Grab a Red Bull. Three Unique Attribution Challenges.
The underlying purpose for employing these techniques eluded me for too long. That is, until I came to understand this: I thought translating some of his work to Python could help others who are less familiar with R.
I have also adapted code from other bloggers as well. This article is a living document. I will update it with corrections as needed and more useful information as time passes.
A time series is a series of data points indexed or listed or graphed in time order. I find the pictures very intuitive. Why do we care about stationarity? Most of the models we use in TSA assume covariance-stationarity 3 above.
This means the descriptive statistics these models predict Exploring exponential models. And if the mean and variance of a series are not well-defined, then neither are its correlations with other variables. Therefore a large part of TSA involves identifying if the series we want to predict is stationary, and if it is not we must find ways to transform it such that it is stationary.
More on that later Serial Correlation Autocorrelation Essentially when we model a time series we decompose the series into three components: The random component is called the residual or error.

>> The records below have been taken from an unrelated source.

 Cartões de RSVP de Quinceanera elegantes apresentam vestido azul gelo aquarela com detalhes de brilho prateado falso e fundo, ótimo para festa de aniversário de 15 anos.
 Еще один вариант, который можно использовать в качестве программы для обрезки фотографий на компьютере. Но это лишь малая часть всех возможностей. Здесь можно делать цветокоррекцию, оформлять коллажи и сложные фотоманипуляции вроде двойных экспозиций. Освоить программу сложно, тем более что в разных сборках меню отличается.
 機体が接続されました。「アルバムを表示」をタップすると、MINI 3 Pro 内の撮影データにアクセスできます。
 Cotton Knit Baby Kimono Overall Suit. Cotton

It is simply the difference between our predicted value s and the observed value s. Serial correlation is when the residuals errors of our TS models are correlated with each other.

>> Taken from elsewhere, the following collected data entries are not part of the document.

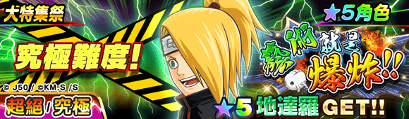 ※ 推薦給老手進行的大特集祭活動關卡,一共有上級,超級,超絕級三種難度。打倒超絕級活動Boss時,活動報酬角色的掉落率為100%!另外,如果將「我愛羅」設為主力角色後去挑戰的話,會觸發特別的劇情喔!
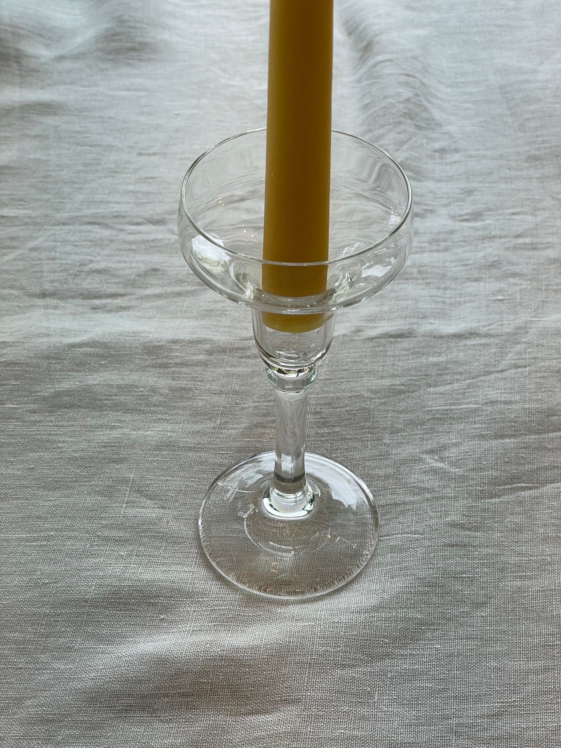 A stunning unique Scandi style glass candlestick holder. It features a circular base and a tazza, a saucer like elegant bowl, perfect for showing off our natural, pure beeswax London dinner candle. It is this feature that makes this holder so distinctive and attractive.
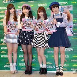譜久村聖、鞘師里保、石田亜佑美、工藤遥の4名は21日、表紙を務めた書籍「B.L.T U-17 Vol.29」の発売を記念し、都内で握手会イベントを開催。全員、ミニスカートで登場した。
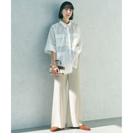 ■デザイン驚くほど軽い着心地が魅力のイージーワイドパンツ。肌離れの良いさらっとした素材で、暑い季節に最適な1枚です。落ち感のある程よいワイドシルエットで、自然と美脚見えが叶います。サイドの縫い目をなくすことで縫い代のあたりもなく、ウエストはゴム仕様で快適な穿き心地です。オンオフで活躍しきれいめなブラウスからカジュアルなTシャツまで、テイストや合わせるトップスを選ばない万能ボトムです。メンズライクなオーバーサイズトップスと合わせたこなれ感のあるスタイリングや、パンプスを合わせたオフィススタイルまで幅広いシーンで活躍します。※アイボリー(002)カラーのみ裏地が付いております。
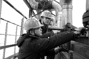 中化化工網訊 11月26日,吉林地區再次出現強降雪。,強化防凍管理,加大監控力度,尤其針對重點設備、保溫伴熱設備及管線進行特別“關照”,實行連續巡檢、特保特護,確保工作到位、人員到位、措施到位,為冬季裝置安全穩定運行提供了保障。圖為該公司煉油廠延遲焦化車間員工正冒雪檢查裝置空冷器運行情況。 (何天林 攝)
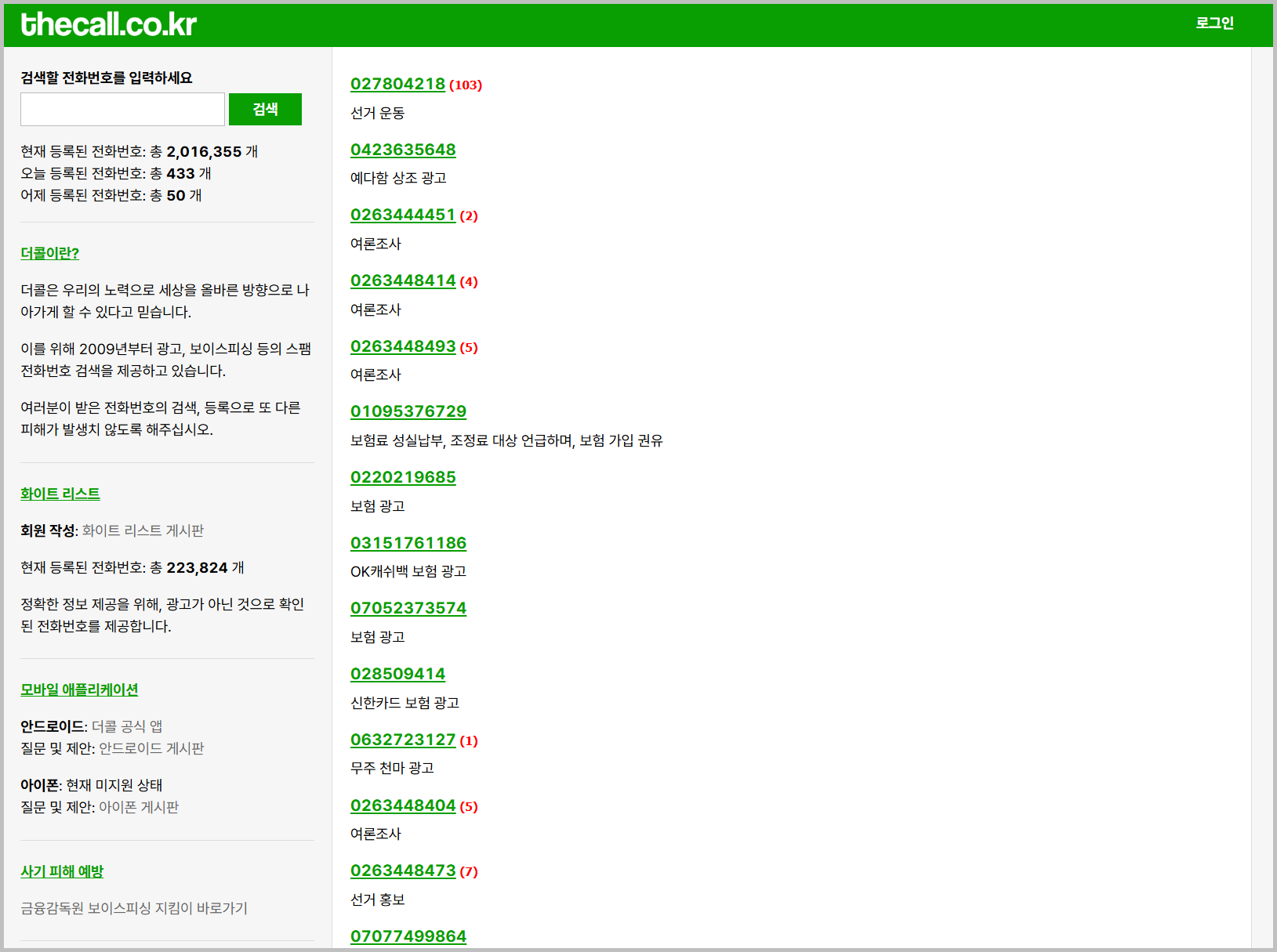 다음으로 소개할 사이트는 ‘더콜(TheCall)’입니다. 개인적으로 자주 활용하는 사이트로, 스팸 신고가 활발하게 이루어지는 편입니다. 특히 안드로이드 사용자라면 모바일 앱을 통해 더욱 편리하게 이용할 수 있습니다. 아이폰은 현재 미지원입니다.

Recall that the residuals errors of a stationary TS are serially uncorrelated by definition! If we fail to account for this in our models the standard errors of our coefficients are underestimated, inflating the size of our T-statistics.
The result is too many Type-1 errors, where we reject our null hypothesis even when it is True! By definition a time series that is a white noise process has serially UNcorrelated errors and the expected mean of those errors is equal to zero.
Another description for serially uncorrelated errors is, independent and identically distributed i. This is important because, if our TSM is appropriate and successful at capturing the underlying process, the residuals of our model will be i. Therefore part of TSA is literally trying to fit a model to the time series such that the residual series is indistinguishable from white noise.
Below I introduce a convenience function for plotting the time series and analyzing the serial correlation visually. This code was adapted from the blog Seanabu.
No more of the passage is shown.